Decision trees suffer from high variance; that is, if we split the training data into two parts at random, and fit a decision tree to both halves, the results that we get could be quite different. Random Forest is well suited to reduce variance.

To take various training datasets, build separate prediction models and average the resulting predictions, in order to reduce the variance and increase the accuracy of predictions. Random Forest does this by using a *random sample of predictors* at each split in a tree. This enables decorrelating the trees.

- Read the data and create a dummy dataset:

```
# clean workspace
rm(list=ls())
# read
load("../data/data_qlfs.RData")
# select variables to create a new df
data <- qlfs %>% dplyr::select(NetPay, FamilySize, Age, Sex, MaritalStatus, NSSEC, EthnicGroup, HighestQual, Tenure, TravelTime) %>%
filter(!is.na(NetPay)) %>%
filter(NetPay > 0)
# log-transform NetPay
data$NetPay <- log(data$NetPay)
# remove qlfs from the workspace
rm(qlfs)
```

- Create training (70%) and test (30%) sets and use
`set.seed()`

for reproducibility

```
# create an index variable to identify a training set
set.seed(123)
data_train = sample(
1:nrow(data),
round(0.7* (nrow(data)))
)
```

- Fit a random forest using 9 variables (usually \(p/3\)) at each split:

```
# fit random forest
m1_rf <- randomForest(
formula = NetPay ~ .,
data = data,
subset = data_train,
mtry = 3,
importance = TRUE,
na.action=na.exclude
)
m1_rf
```

```
##
## Call:
## randomForest(formula = NetPay ~ ., data = data, mtry = 3, importance = TRUE, subset = data_train, na.action = na.exclude)
## Type of random forest: regression
## Number of trees: 500
## No. of variables tried at each split: 3
##
## Mean of squared residuals: 0.2721213
## % Var explained: 43.73
```

```
# predict net pay based on the training dataset
yhat_rf <- predict(m1_rf, newdata= data[-data_train, ])
# create indices for the test set
data_test <- data[-data_train, "NetPay"]
# compute the mean squared error (MSE)
mse <- mean((!is.na(yhat_rf) - data_test)^2)
mse
```

`## [1] 0.0003043214`

#Conclusion: The test set MSE is 0.0003; this indicates that random forests yielded an improvement over regression trees.

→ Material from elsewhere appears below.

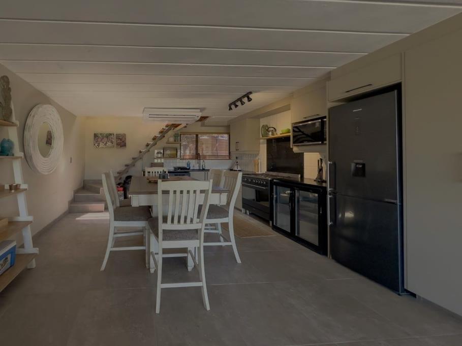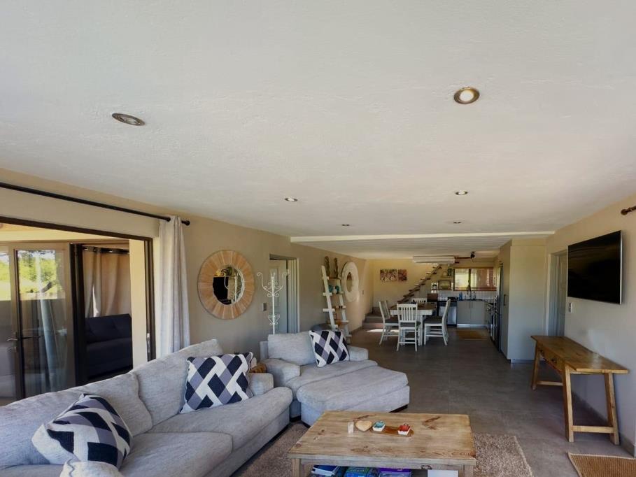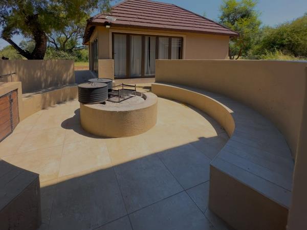 Two bedrooms are located downstairs, complemented by an open-plan kitchen, dining, and lounge area that flows effortlessly onto a covered patio overlooking a beautiful pool and boma, perfect for relaxed bushveld living. Built-in braai on opposite patio to be enjoyed whilst raining.

We can assess the importance of each variable. We can use two measures of variable importance. The *IncMSE* below is based on the mean decrease of prediction accuracy on the out-of-bag samples when a variable is excluded from the model. The *IncNodePurity* is a measure of the total decrease in node impurity that results from splits over that variable, averaged over all trees. For regression trees,node impurity is measured by the training RSS, and for classification trees by the deviance.

`varImpPlot(m1_rf)`

*Test Error*: Average error of predicting an observation based on a unseen test dataset i.e. not used in the training dataset.

*Tranning Error*: Average error of predicting an observation included in the tranning dataset.